Ah, morning! I know it, it's summertime, steady
as a sea, in it's freshness
the city's ready for an entire day,
and its noises are sheer and deeply grieving
like human beings become cool
doves, gentle elephants ... animals in life ...
(Summer, 1961)
As his poetry -- and world-view -- matures to a kind of wary disenchantment in the political upheavals that never really seem to change anything, he attaches a deepening mistrust of the right wing in politics. But he also faulted the hippie culture for losing its energy as it spread into a bourgeois mainstream of "hipness" and "cool" ideas that were co-opted into advertising and the culture at large.

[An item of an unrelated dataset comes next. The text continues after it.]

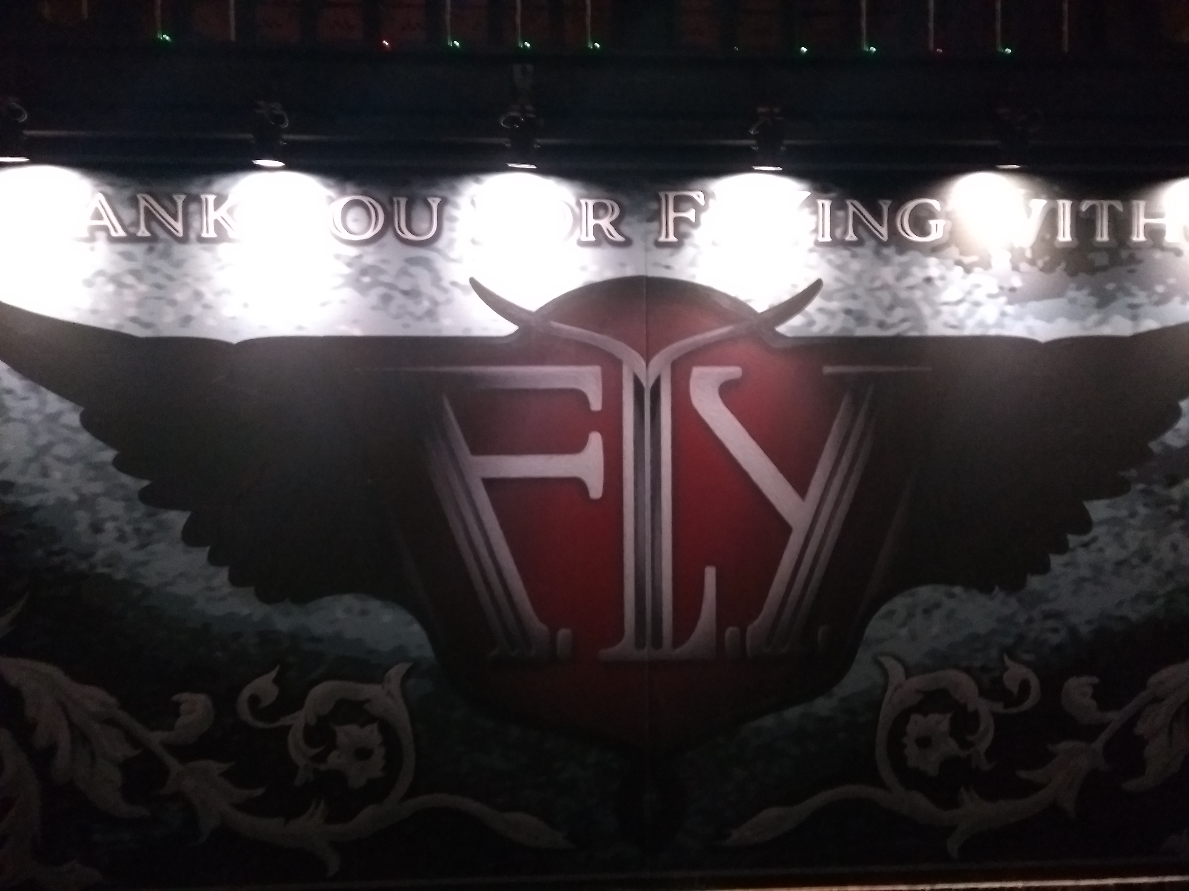 Het station van fly is ook zeer mooi afgewerkt en het systeem van Vekoma met de draaiende zitjes is zeer efficiënt. De metaaldedectoren voor het station gingen bij mij wel elke keer af door mijn jas en dus moest ik elke keer mijn lege zakken tonen. Ondanks dat duidelijk staat aangegeven dat niets mag worden meegenomen zag ik toch veel mensen die terug naar de lockers werden gestuurd.
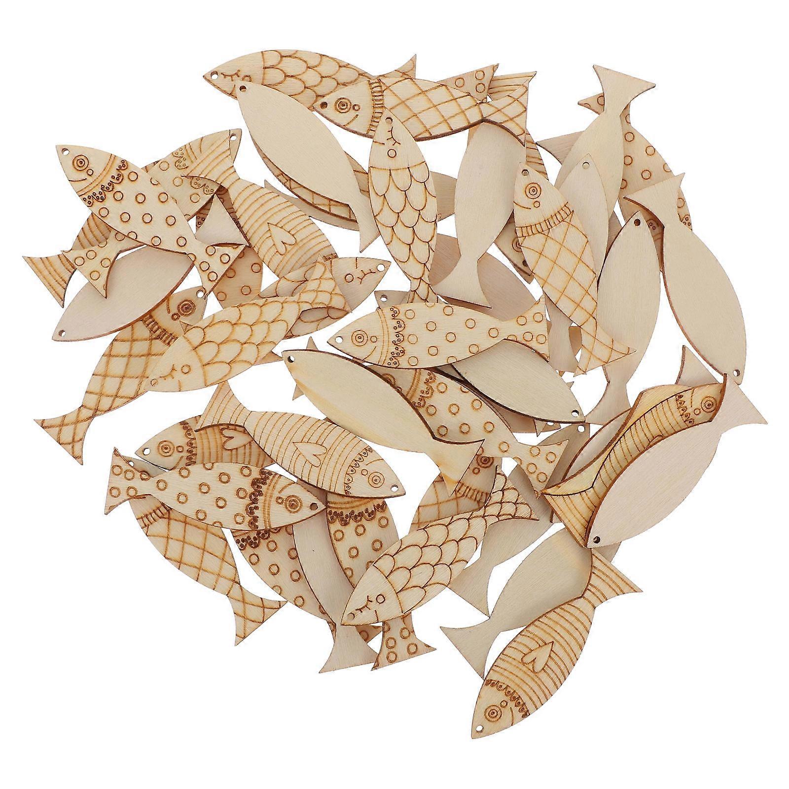 Fish Cutout Unfinished Wood Mediterranean Style Natural Poplar Wood Fish Ornaments for DIY Craft Projects Supplies 50Pack

Yet he held fast to his cantankerous heroes for their indomitable spirit: Ezra Pound, for one, even though he had ardently supported Fascism during the war -- and after it, as well. This is, after reading several of the essays here, a provocative stance meant as a pin-prick to easy categorization. Many of his more blatantly acid judgements ("Neruda is a bad poet") read as asides to a larger arguments rather than generalities by themselves.
Reading the twisting and ideological essays in translation, one might understand the difficulty in determining Pasolini's intent and his expression. Philosophical word-play and semantics can spring their own traps in any language. Since the writer himself was walking an ideological balance-beam of ideas it is uncertain whether the often complex result is Pasolini's thought, or the individual translator's effect of the phrasing he chooses. This is less so in the poetry, which offers itself a wider field of meaning.
The individual concerns of Pasolini's essays -- fascism, racism, intolerance, poverty -- remain universal though his targets are specific: the very first essay included, "Civil War," is a Pasolini blast aimed at racism of all kinds: "It is racist hatred -- that is, nothing less than the exterior aspect of the deep aberration of every conservatism and every fascism."
It would be more than interesting to read what the agent-provocateur would make of recent political uprisings, as well as the latest outrages by Silvio Berlusconi in Italy, and what's about to happen as we peer with one eye covered into the future. A reader has a pretty firm idea it would be best to keep our wits about us.
His last observation -- "we're all in danger" -- was made in a final interview hours before he died in a mysterious assault, and it acts as an ultimate warning and a final lesson to watch out for all the traps, to be wary of the comfortable solutions that seem not to threaten us, but to enfold us in their easy choices. In our own creative life, and in our culture of affluence, many times these are traps we make for ourselves.